Contexte de recherche (RUO) : L’AOD-9604 et le HGH fragment 176-191 sont des fragments synthétiques de la partie C-terminale de l’hormone de croissance humaine. Chez Peplife, ces deux peptides sont fournis exclusivement pour la recherche de laboratoire in vitro (Research Use Only) et ne sont pas destinés à un usage humain ou animal.
AOD-9604 vs HGH fragment 176-191 : la différence expliquée
La comparaison AOD-9604 vs HGH fragment 176-191 prête souvent à confusion, car les deux peptides se voient attribuer les mêmes propriétés dans pratiquement chaque tableau. Ce n’est pas un hasard : l’AOD-9604 est littéralement le même fragment, avec un acide aminé ajouté devant. Pourtant, cette petite différence explique pourquoi l’un a traversé un programme de développement clinique complet et l’autre n’a jamais dépassé le stade préclinique. Ce pilier met côte à côte la chimie, l’historique de recherche et les différences pratiques, uniquement dans une perspective de recherche.
L’essentiel : le même fragment, un acide aminé supplémentaire
L’hormone de croissance humaine est une protéine de 191 acides aminés. Les travaux des années soixante-dix et quatre-vingt ont montré que les propriétés lipolytiques de l’hormone se situent en grande partie dans la partie terminale, les résidus 176 à 191. La production isolée de ce segment a donné le HGH fragment 176-191, également appelé domaine lipolytique. L’AOD-9604 est ce même fragment avec une tyrosine à l’extrémité N-terminale : désigné dans la littérature sous le nom de Tyr-hGH(177-191). Seize acides aminés contre dix-sept, identiques par ailleurs.
Pourquoi cette tyrosine a été ajoutée
Cet ajout n’était pas une intervention cosmétique. La tyrosine rend la molécule apte à la radio-iodation, ce qui a permis aux chercheurs de marquer le peptide et de le suivre dans les tissus : une condition préalable à toute recherche pharmacocinétique sérieuse. Elle a en outre amélioré la stabilité de la molécule, un point important pour un candidat développé sous forme de comprimé. Les développeurs, rattachés à la Monash University en Australie, ont baptisé la substance AOD-9604, où AOD signifie anti-obesity drug et 9604 correspondait au numéro de candidat interne.

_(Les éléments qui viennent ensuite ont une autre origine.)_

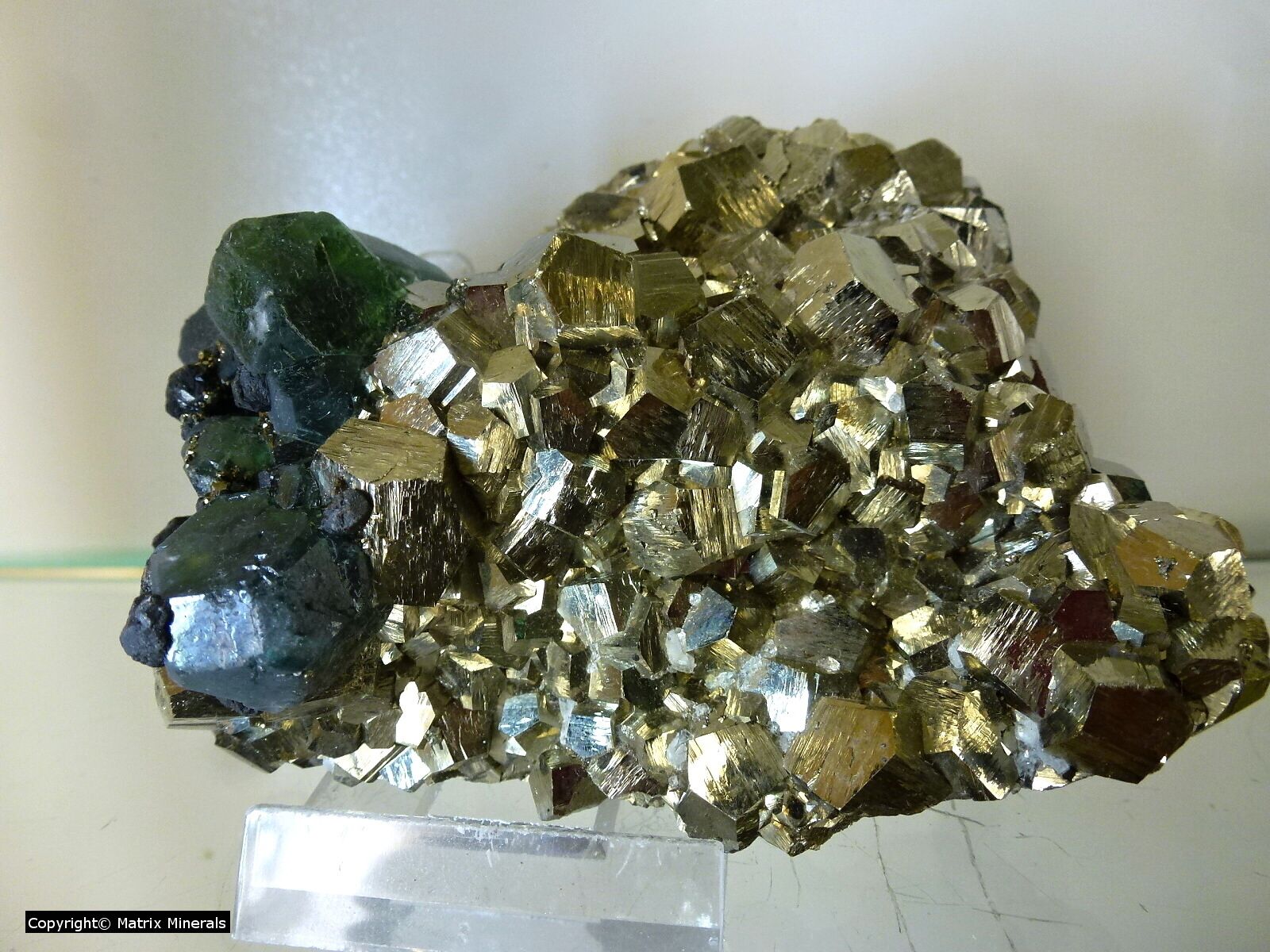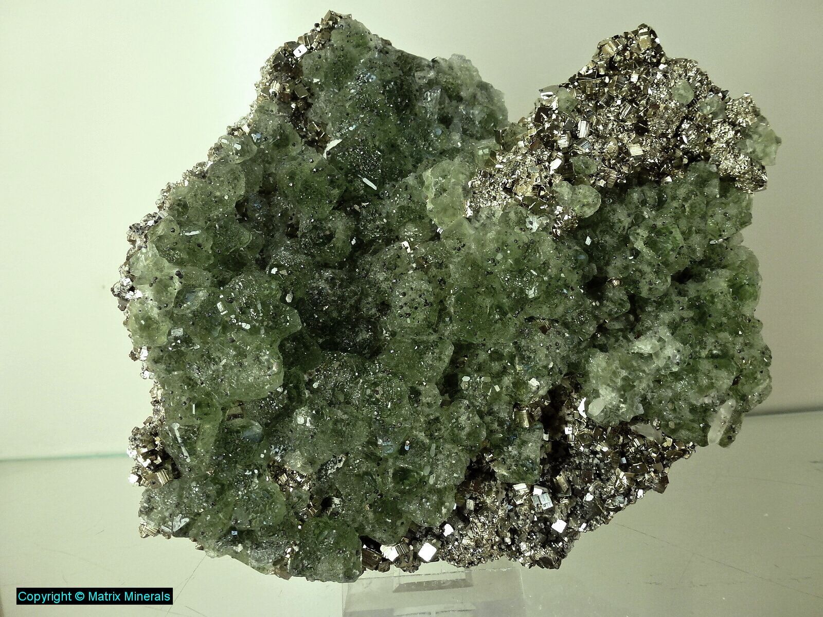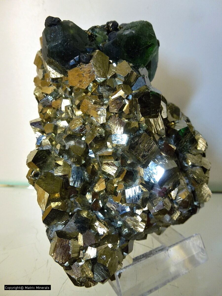 | Fundort: Milpo Mine, Hualanca, Cerro de Pasco, Peru | Es gibt im Bereich Hualanca Cerro de Pasco verschiedene Minen. Eine davon die Milpo Mine. Es wurden im letzten Jahr erstmalig diese grünen Kubooktaeder Fluorite mit Pyrit sowie dem seltenen Geokronit welcher zu den Blei Sulfosalzen mit Antimon zählt gefunden. Grössere Platte bestehend aus einer Pyrit Matrix welche besetzt ist Pyrit xx und mit grünen Fluorit Oktaeder xx. Sehr hochwertig und makellos ! |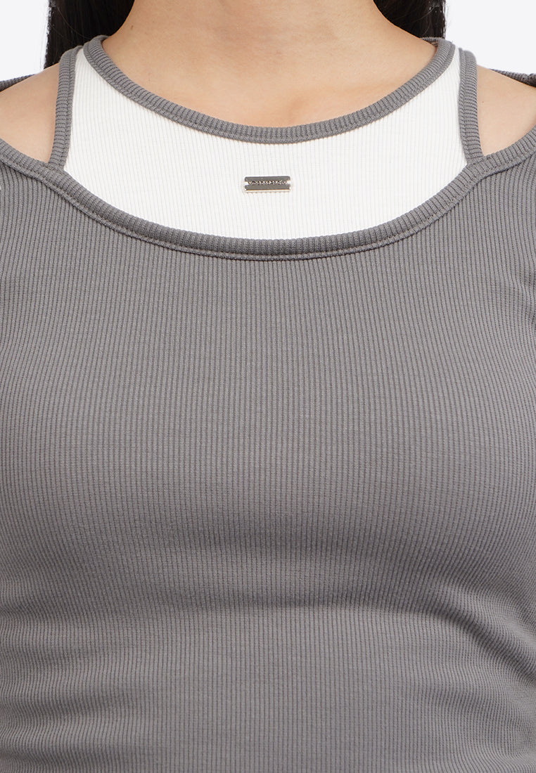 - Round neck with contrast double layer

Lipolyse sans l’axe de croissance : ce qu’ont montré les études animales
La raison pour laquelle ce fragment est devenu intéressant est qu’il semble dissocier les effets de l’hormone de croissance sur le métabolisme des graisses de ses effets favorisant la croissance. Ng et collègues ont étudié le fragment dans des modèles rongeurs en 2000, et Heffernan et collègues l’ont fait en 2001. Dans les deux travaux, le fragment a augmenté la dégradation des graisses et freiné leur accumulation, sans que le taux d’IGF-1 ni la sensibilité à l’insuline ne suivent. Avec l’hormone de croissance intacte, ce dernier phénomène se produit bel et bien. Pour la recherche sur le métabolisme des graisses, ce principe de dissociation est tout l’intérêt de cette classe de peptides.

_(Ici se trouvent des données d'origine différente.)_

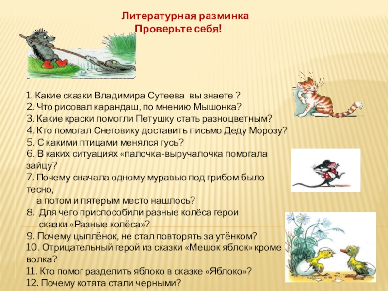 Литературная разминка    Проверьте себя!1. Какие сказки Владимира Сутеева вы знаете ?2. Что рисовал карандаш,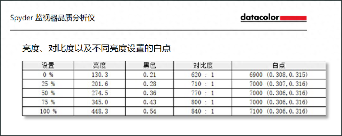 這一部分是測試的亮度、對比度以及不同亮度設置的白點色溫值。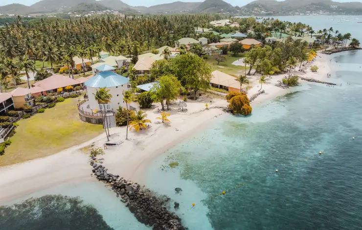 Face au rocher du Diamant, le Village s’étire sous les cocotiers, bordé par les eaux turquoises et le sable blanc des Caraïbes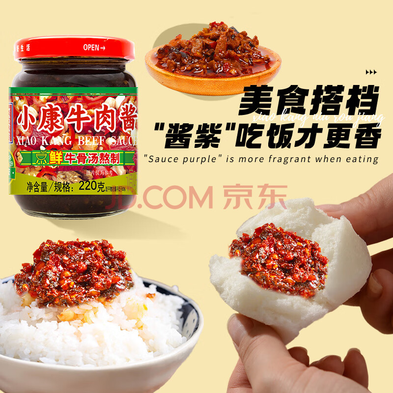 商品相册:小康牛肉酱甜辣味220g 16%生牛肉含量下饭菜火锅调料拌面辣椒酱第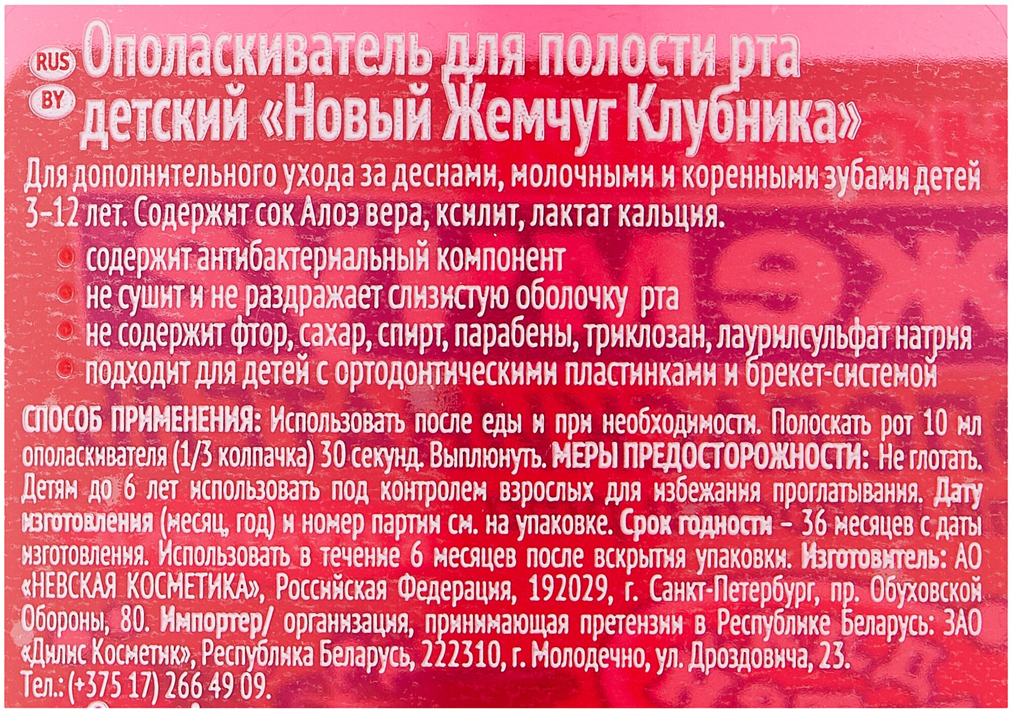Ополаскиватель Новый Жемчуг Клубника от 3 до 12 лет, 250 мл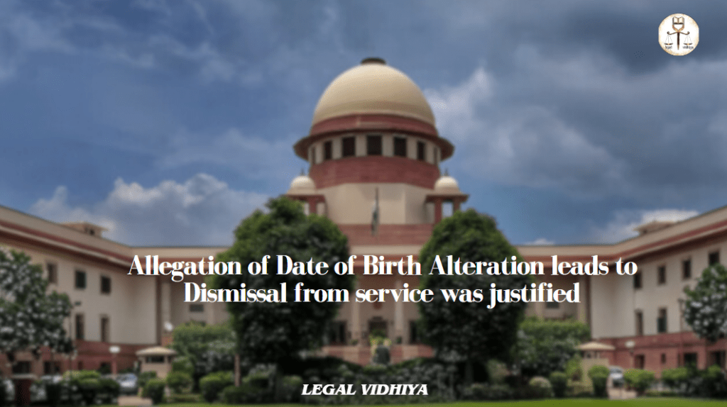 Supreme Court set aside judgement of the D.B. special appeal (writ) no.484/2011 of trial court. Which convicted the appellant for alteration in Date of Birth in 8th standard marksheet to attain majority for recruitment for the post of constable under section 420 of  IPC and sentenced him for imprisonment of three years along with the fine of Rs.5,000/-. However the the additional district and session judge, Jodhpur, vide judgement dated 24.08.2007 , allowed the criminal appeal and acquitted the appellant. Later that the appellant’s writ petition was also dismissed by the single judge stating that the standard proof in a criminal and departmental proceeding is different. Being aggrieved the appellant appeal before the honorable Supreme Court stating that wether the dismissal from service is justified on the name of departmental enquiry. The writ power of the court to review the Disciplinary action of the Authority is very limited. The scope of enquiry is to wether the decision is legitimate. As the part of the review court exercising the review power wether the disciplinary authority has ignored the evidences and if find the court is not powerless to interfere. In case of acquittal by criminal court not allow the employee to claim benefit, including return to former position. It is important to note that the appellate court on acquittal of the appellant has clearly noticed the document present Exh. P-3- original marksheet of 8th standard, the date of  Birth clearly shown was 21.04.1974 and the accused was entitled to get benefit. So, the appellate court clearly shows that the charge against the appellant was not just and not proved. So the court stated that appellant shall be reinstated with all consequential benefit including seniority, notional promotions, fitment of salary and all other benefits. As the backwages are concerned the court award him 50% of the backwages.

Les deux fragments côte à côte
| Caractéristique | AOD-9604 | HGH fragment 176-191 |
|---|---|---|
| Désignation formelle | Tyr-hGH(177-191) | hGH(176-191) |
| Nombre d’acides aminés | Dix-sept | Seize |
| Différence | Tyrosine à l’extrémité N-terminale | Aucun ajout |
| Raison de l’ajout | Marquabilité et stabilité | Sans objet |
| Développement clinique | A traversé des études humaines jusqu’en phase 2 | Étudié uniquement en préclinique |
| Effet sur l’IGF-1 dans les études animales | Pas d’augmentation démontrable | Pas d’augmentation démontrable |
| Dossier de recherche | Plus large, données humaines incluses | Étroit, surtout des modèles rongeurs |
Développement clinique : là où les chemins divergent
C’est là que se situe la véritable différence entre les deux substances. L’AOD-9604 a été développé comme agent amaigrissant et est allé jusqu’à la phase 2 dans des études humaines. Le résultat a été décevant : le produit n’a pas atteint les critères d’évaluation fixés par rapport au placebo, après quoi son développement en tant que médicament a été abandonné. Le HGH fragment 176-191 n’a jamais suivi ce parcours et repose presque entièrement sur des travaux précliniques. Mettre côte à côte les dossiers de recherche des deux substances revient donc à comparer non pas deux molécules, mais deux histoires de développement — celle qui a été la mieux étudiée étant précisément celle qui a livré le résultat négatif.
Ce que cela implique pour le choix dans un modèle de recherche
Pour les travaux in vitro sur les adipocytes, la tyrosine change peu de choses : le domaine lipolytique est le même dans les deux cas et les effets mesurés dans les modèles cellulaires évoluent donc en parallèle. Pour les travaux où le peptide doit être suivi ou quantifié dans les tissus, l’AOD-9604 est la molécule la plus pratique, précisément parce qu’il a été conçu pour cela. Il en va de même pour les études de stabilité. Qui souhaite étudier purement le fragment natif tel qu’il naît de l’hormone de croissance se tournera justement vers le 176-191.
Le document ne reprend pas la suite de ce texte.